David Crowley talks with student Maria Gaughan about the formative power of small conversations as part of a series in which faculty members interview students about vocational exploration.
David Crowley

Last summer I accompanied a group of 20 college students on a vocation-focused overseas trip. Compounding my fear of losing either the students themselves or their voluminous documentation (so many COVID test results, health forms, and printed itineraries!) was the fact that I did not know most of these students; they were members of two COVID-disrupted cohorts of Assumption University’s SOPHIA program, a yearlong vocational discernment experience for sophomores that culminates in a trip to Rome.
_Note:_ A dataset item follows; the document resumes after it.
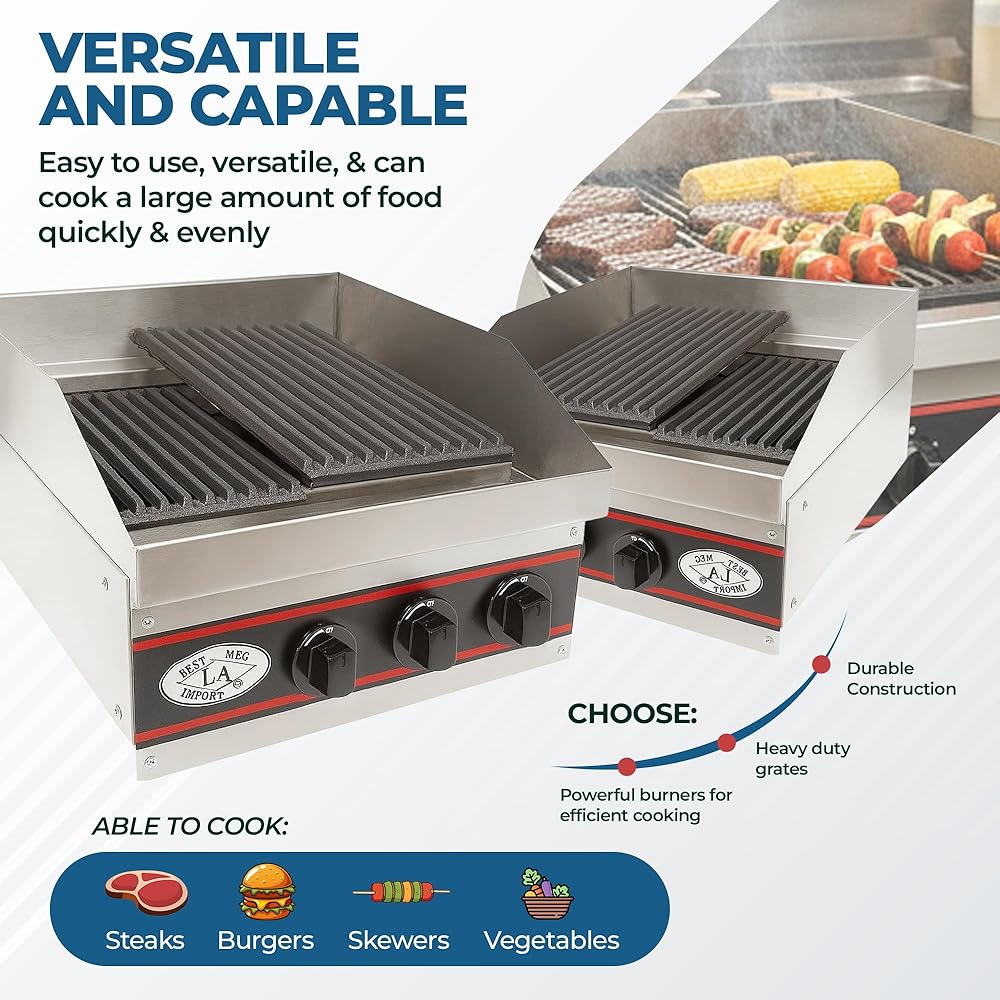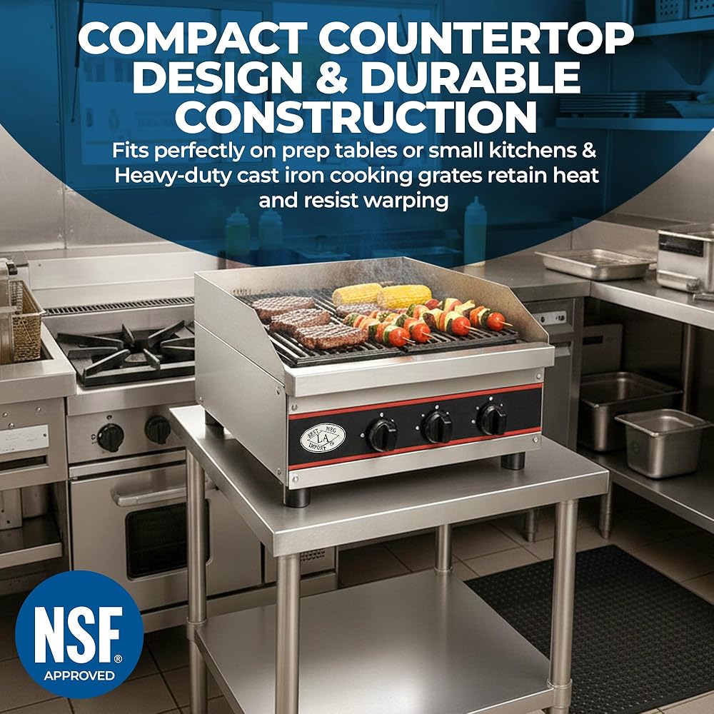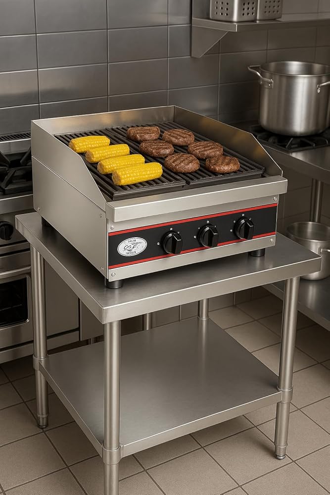 🧱 Built for Commercial Use – Heavy-duty cast iron grates and stainless steel construction for durability in restaurants, food trucks & catering

I had not served as a SOPHIA mentor for these students, and I had never met most of them through advising or a class, so they were strangers to me…and I was a stranger to them.

Maria Gaughan

One student whose reputation had preceded her was rising senior Maria Gaughan. I had heard that Maria was an excellent student who was doing impressive research with one of my colleagues in the biology department. I was looking for allies on this trip and jumped at the chance to speak with Maria on the bus ride to the airport. This became the first of many fruitful conversations for us, but, as I have come to discover, I was just the latest of Maria’s formative conversation partners. Last fall, I invited her to join a student panel at our NetVUE regional gathering on mentoring in the sciences. At this event, she caught the attention of many participants, including the editor of this blog. What follows are excerpts of Maria’s reflections on seemingly small mentoring moments with big vocational impacts–what she calls “chats.”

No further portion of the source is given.